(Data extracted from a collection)
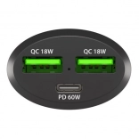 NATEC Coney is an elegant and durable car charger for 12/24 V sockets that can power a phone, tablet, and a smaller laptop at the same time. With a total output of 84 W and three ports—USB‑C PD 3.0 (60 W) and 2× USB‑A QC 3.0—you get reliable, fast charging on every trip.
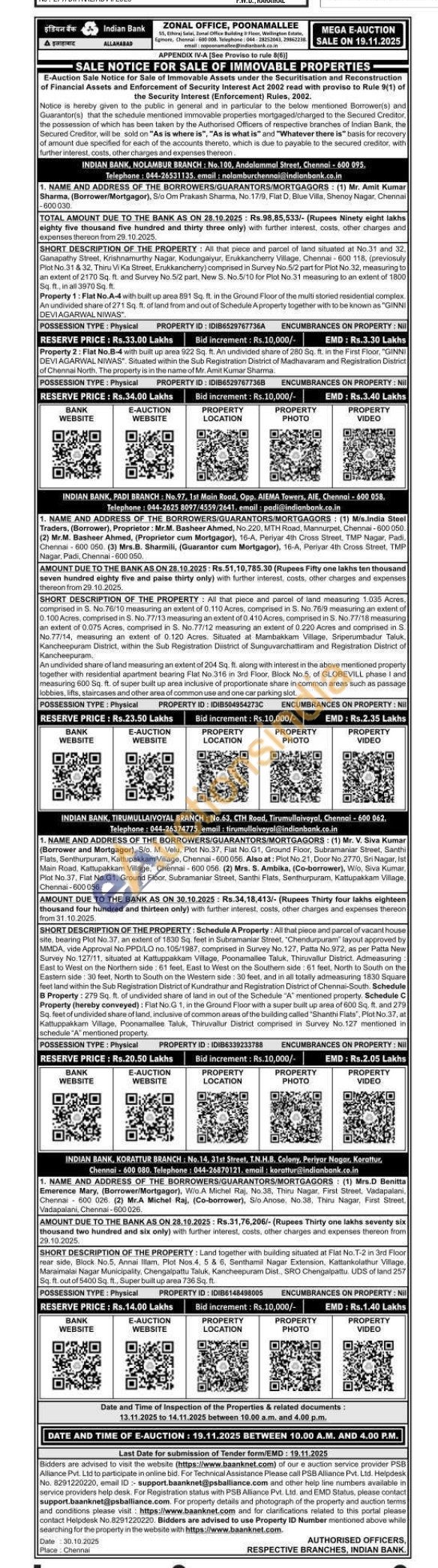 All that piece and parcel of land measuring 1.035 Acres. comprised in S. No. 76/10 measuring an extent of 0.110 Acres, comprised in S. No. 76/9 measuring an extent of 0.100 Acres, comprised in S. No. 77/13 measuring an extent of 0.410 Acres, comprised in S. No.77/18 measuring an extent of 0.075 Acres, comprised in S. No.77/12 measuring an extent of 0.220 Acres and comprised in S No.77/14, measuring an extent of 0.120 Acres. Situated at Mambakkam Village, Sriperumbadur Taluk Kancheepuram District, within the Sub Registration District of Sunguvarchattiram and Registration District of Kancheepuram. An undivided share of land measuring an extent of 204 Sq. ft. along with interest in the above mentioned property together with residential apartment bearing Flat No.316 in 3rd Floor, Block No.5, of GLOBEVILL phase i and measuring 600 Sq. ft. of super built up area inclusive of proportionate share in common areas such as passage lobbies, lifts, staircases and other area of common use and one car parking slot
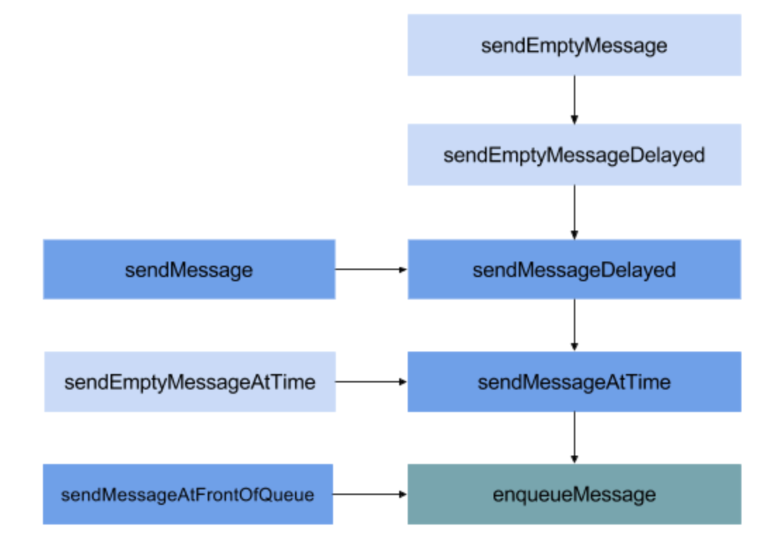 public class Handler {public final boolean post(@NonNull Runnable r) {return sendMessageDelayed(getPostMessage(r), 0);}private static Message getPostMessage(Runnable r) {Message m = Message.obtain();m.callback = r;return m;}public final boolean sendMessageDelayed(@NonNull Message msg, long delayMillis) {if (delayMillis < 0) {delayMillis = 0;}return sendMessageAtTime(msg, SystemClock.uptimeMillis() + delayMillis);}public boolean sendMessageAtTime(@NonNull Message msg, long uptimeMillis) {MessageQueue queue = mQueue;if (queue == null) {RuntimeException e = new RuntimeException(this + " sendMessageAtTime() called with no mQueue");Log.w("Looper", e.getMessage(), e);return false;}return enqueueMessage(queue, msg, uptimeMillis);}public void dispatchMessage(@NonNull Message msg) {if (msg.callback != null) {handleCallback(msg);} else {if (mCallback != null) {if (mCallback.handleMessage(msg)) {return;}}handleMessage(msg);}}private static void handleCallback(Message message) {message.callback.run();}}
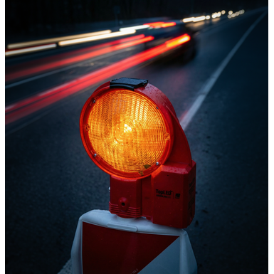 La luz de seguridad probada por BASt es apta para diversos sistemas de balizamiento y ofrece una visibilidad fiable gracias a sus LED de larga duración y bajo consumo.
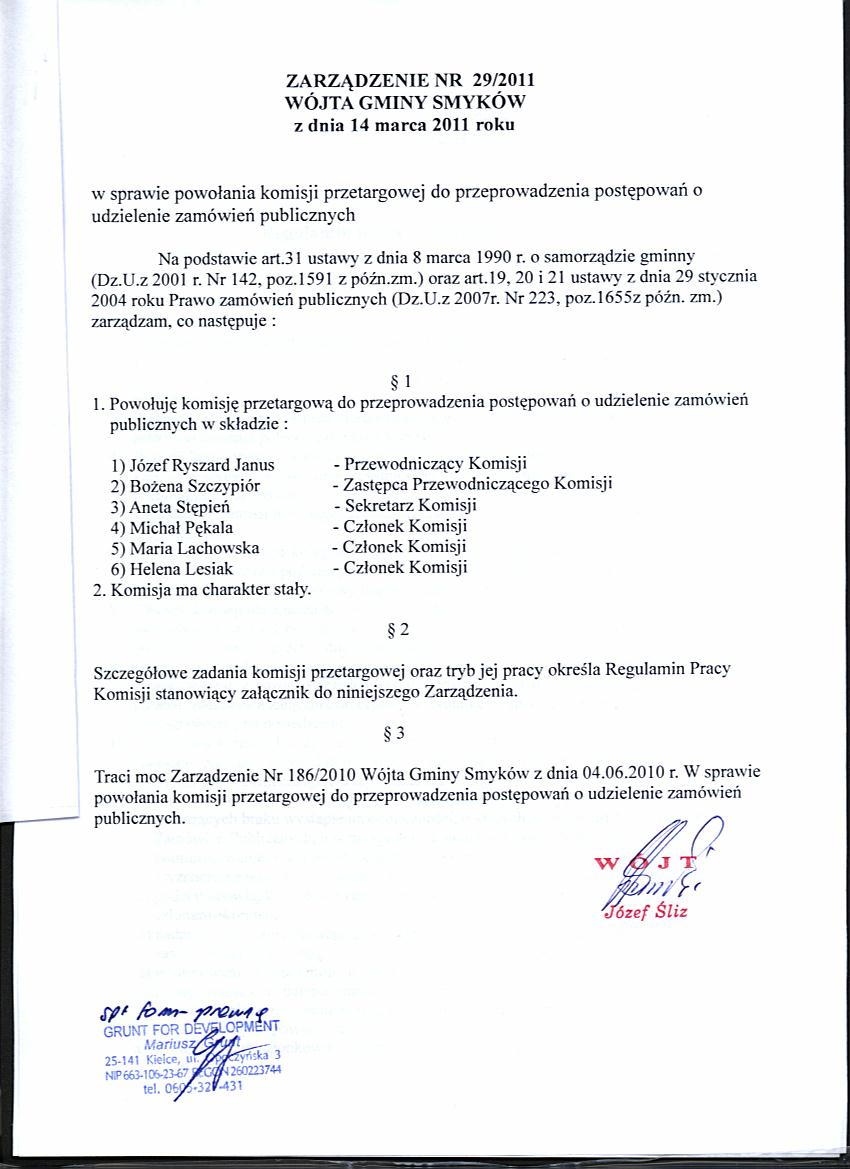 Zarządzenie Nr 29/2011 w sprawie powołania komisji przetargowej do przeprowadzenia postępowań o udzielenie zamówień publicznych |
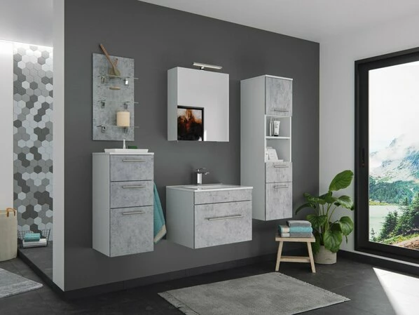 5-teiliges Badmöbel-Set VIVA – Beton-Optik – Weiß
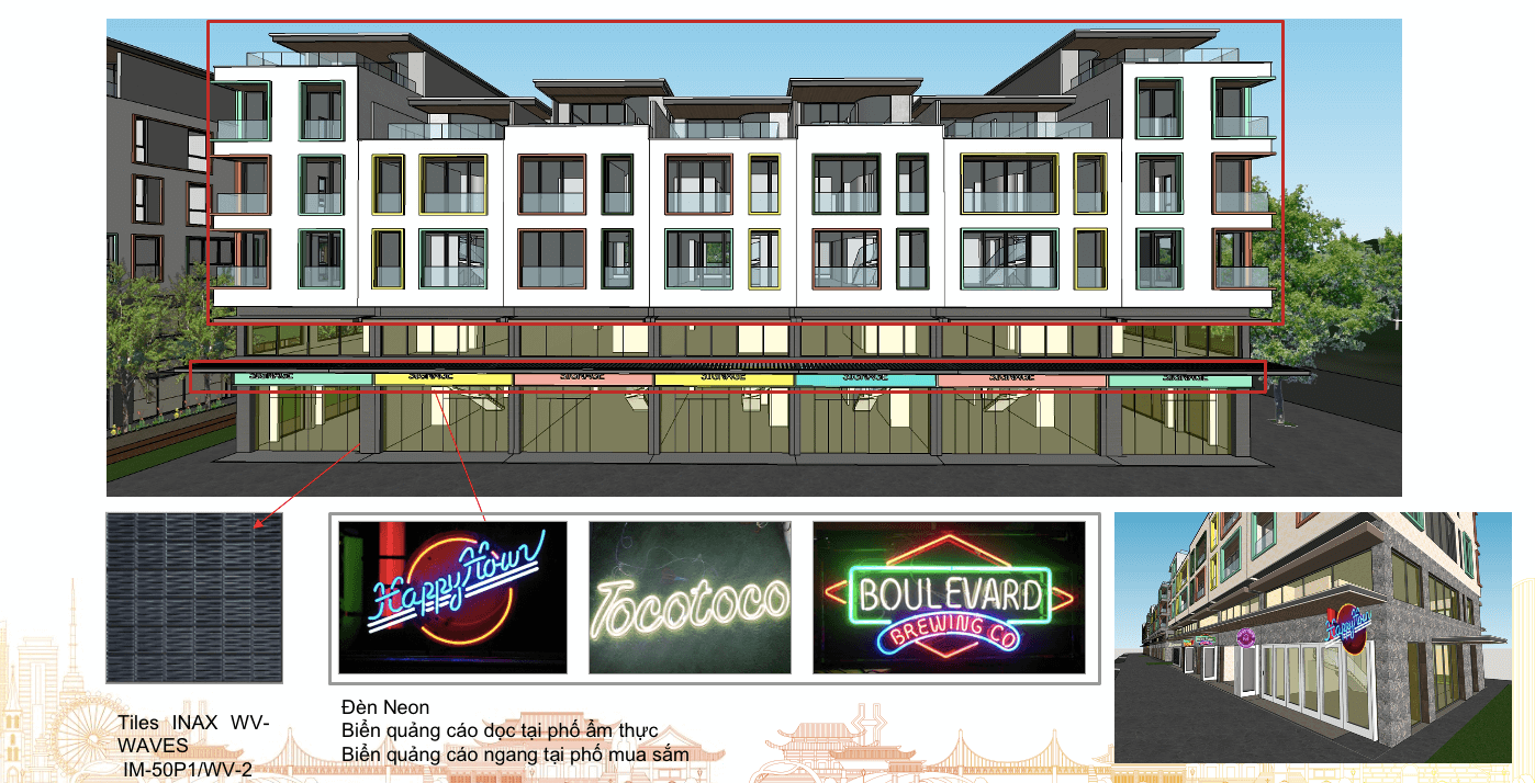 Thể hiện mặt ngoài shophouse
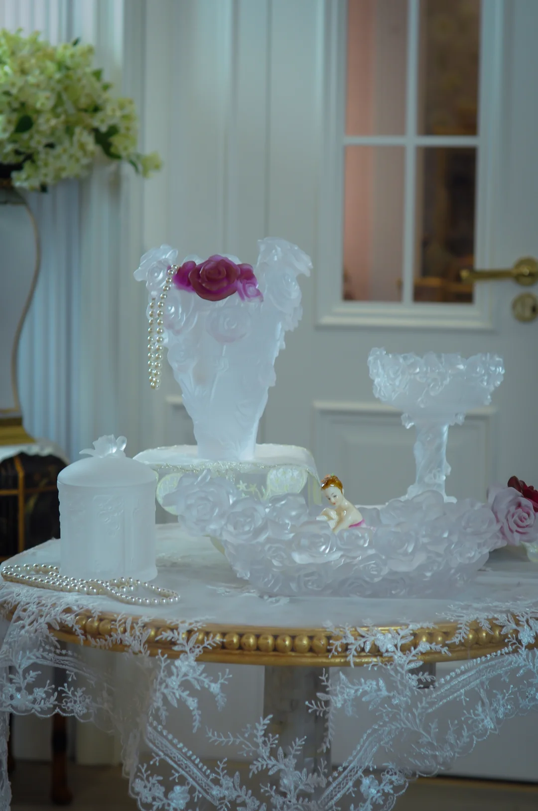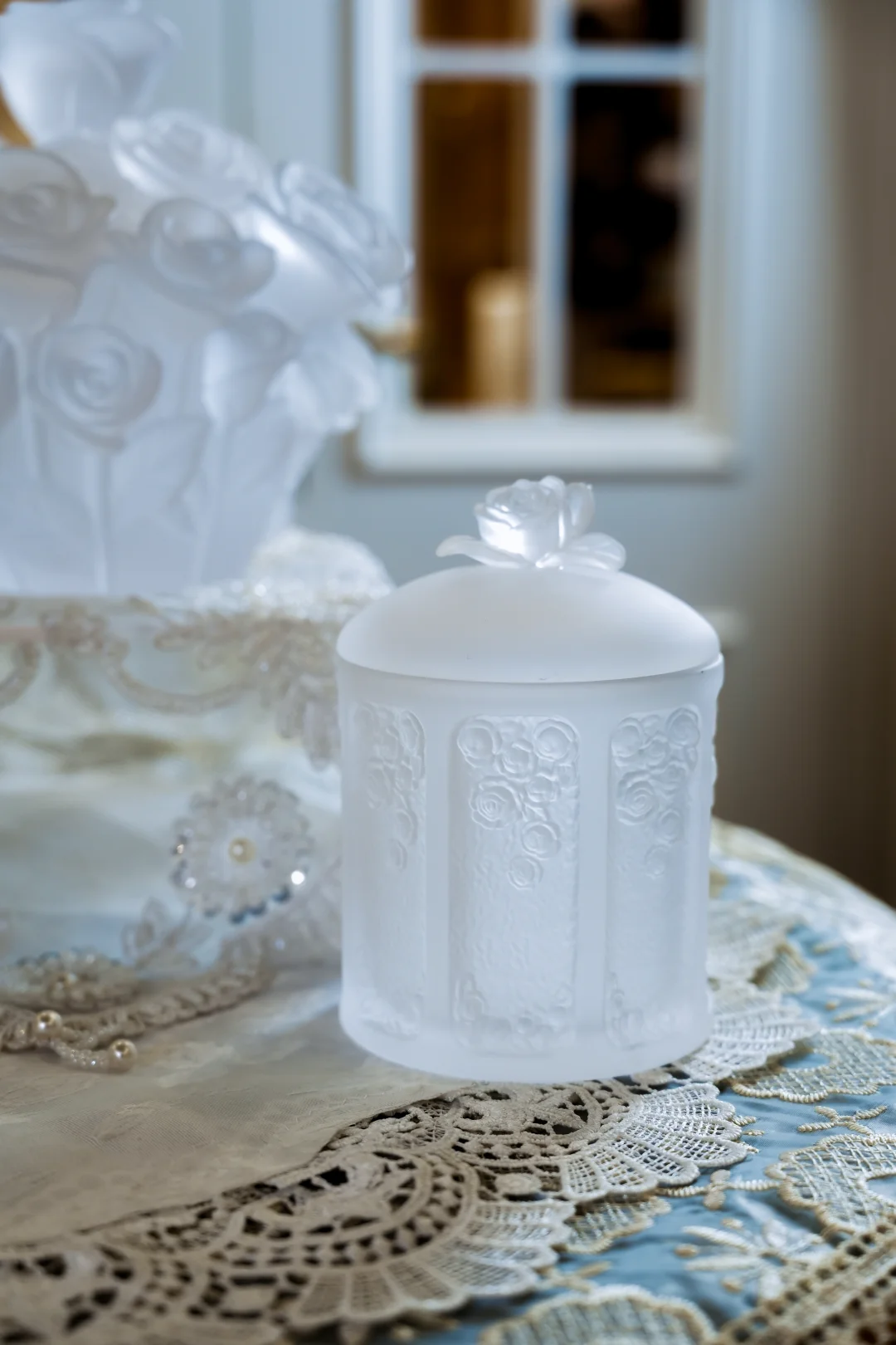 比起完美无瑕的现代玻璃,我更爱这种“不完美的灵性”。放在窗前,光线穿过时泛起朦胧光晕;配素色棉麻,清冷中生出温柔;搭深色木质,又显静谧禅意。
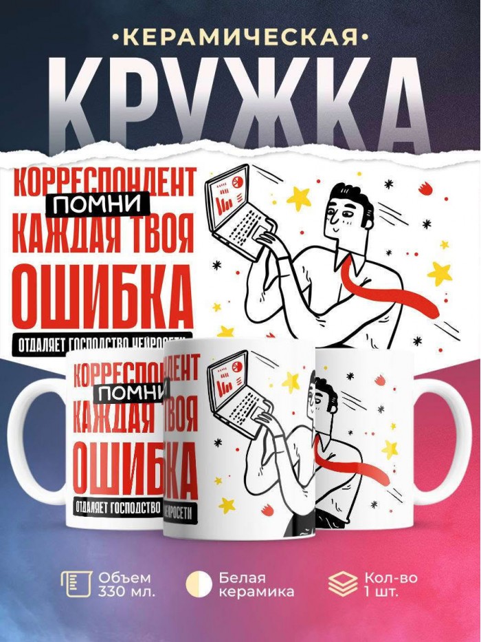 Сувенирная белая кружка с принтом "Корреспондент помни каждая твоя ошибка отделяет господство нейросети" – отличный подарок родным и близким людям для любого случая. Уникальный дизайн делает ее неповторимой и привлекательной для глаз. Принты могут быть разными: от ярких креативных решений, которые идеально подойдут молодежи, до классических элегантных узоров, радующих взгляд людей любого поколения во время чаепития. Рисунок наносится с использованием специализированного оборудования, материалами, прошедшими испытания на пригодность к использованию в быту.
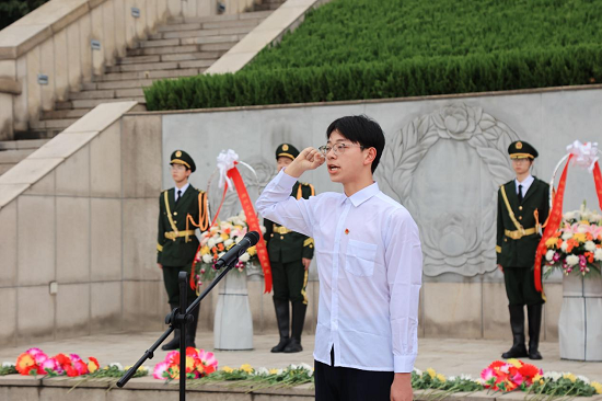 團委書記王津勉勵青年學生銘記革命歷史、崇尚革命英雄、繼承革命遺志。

(Assigned task) Please transcribe every record above exactly as written, leaving out the pictures.

(Answer to the problem)
 NATEC Coney is an elegant and durable car charger for 12/24 V sockets that can power a phone, tablet, and a smaller laptop at the same time. With a total output of 84 W and three ports—USB‑C PD 3.0 (60 W) and 2× USB‑A QC 3.0—you get reliable, fast charging on every trip.
 All that piece and parcel of land measuring 1.035 Acres. comprised in S. No. 76/10 measuring an extent of 0.110 Acres, comprised in S. No. 76/9 measuring an extent of 0.100 Acres, comprised in S. No. 77/13 measuring an extent of 0.410 Acres, comprised in S. No.77/18 measuring an extent of 0.075 Acres, comprised in S. No.77/12 measuring an extent of 0.220 Acres and comprised in S No.77/14, measuring an extent of 0.120 Acres. Situated at Mambakkam Village, Sriperumbadur Taluk Kancheepuram District, within the Sub Registration District of Sunguvarchattiram and Registration District of Kancheepuram. An undivided share of land measuring an extent of 204 Sq. ft. along with interest in the above mentioned property together with residential apartment bearing Flat No.316 in 3rd Floor, Block No.5, of GLOBEVILL phase i and measuring 600 Sq. ft. of super built up area inclusive of proportionate share in common areas such as passage lobbies, lifts, staircases and other area of common use and one car parking slot
 public class Handler {public final boolean post(@NonNull Runnable r) {return sendMessageDelayed(getPostMessage(r), 0);}private static Message getPostMessage(Runnable r) {Message m = Message.obtain();m.callback = r;return m;}public final boolean sendMessageDelayed(@NonNull Message msg, long delayMillis) {if (delayMillis < 0) {delayMillis = 0;}return sendMessageAtTime(msg, SystemClock.uptimeMillis() + delayMillis);}public boolean sendMessageAtTime(@NonNull Message msg, long uptimeMillis) {MessageQueue queue = mQueue;if (queue == null) {RuntimeException e = new RuntimeException(this + " sendMessageAtTime() called with no mQueue");Log.w("Looper", e.getMessage(), e);return false;}return enqueueMessage(queue, msg, uptimeMillis);}public void dispatchMessage(@NonNull Message msg) {if (msg.callback != null) {handleCallback(msg);} else {if (mCallback != null) {if (mCallback.handleMessage(msg)) {return;}}handleMessage(msg);}}private static void handleCallback(Message message) {message.callback.run();}}
 La luz de seguridad probada por BASt es apta para diversos sistemas de balizamiento y ofrece una visibilidad fiable gracias a sus LED de larga duración y bajo consumo.
 Zarządzenie Nr 29/2011 w sprawie powołania komisji przetargowej do przeprowadzenia postępowań o udzielenie zamówień publicznych |
 5-teiliges Badmöbel-Set VIVA – Beton-Optik – Weiß
 Thể hiện mặt ngoài shophouse
 比起完美无瑕的现代玻璃,我更爱这种“不完美的灵性”。放在窗前,光线穿过时泛起朦胧光晕;配素色棉麻,清冷中生出温柔;搭深色木质,又显静谧禅意。
 Сувенирная белая кружка с принтом "Корреспондент помни каждая твоя ошибка отделяет господство нейросети" – отличный подарок родным и близким людям для любого случая. Уникальный дизайн делает ее неповторимой и привлекательной для глаз. Принты могут быть разными: от ярких креативных решений, которые идеально подойдут молодежи, до классических элегантных узоров, радующих взгляд людей любого поколения во время чаепития. Рисунок наносится с использованием специализированного оборудования, материалами, прошедшими испытания на пригодность к использованию в быту.
 團委書記王津勉勵青年學生銘記革命歷史、崇尚革命英雄、繼承革命遺志。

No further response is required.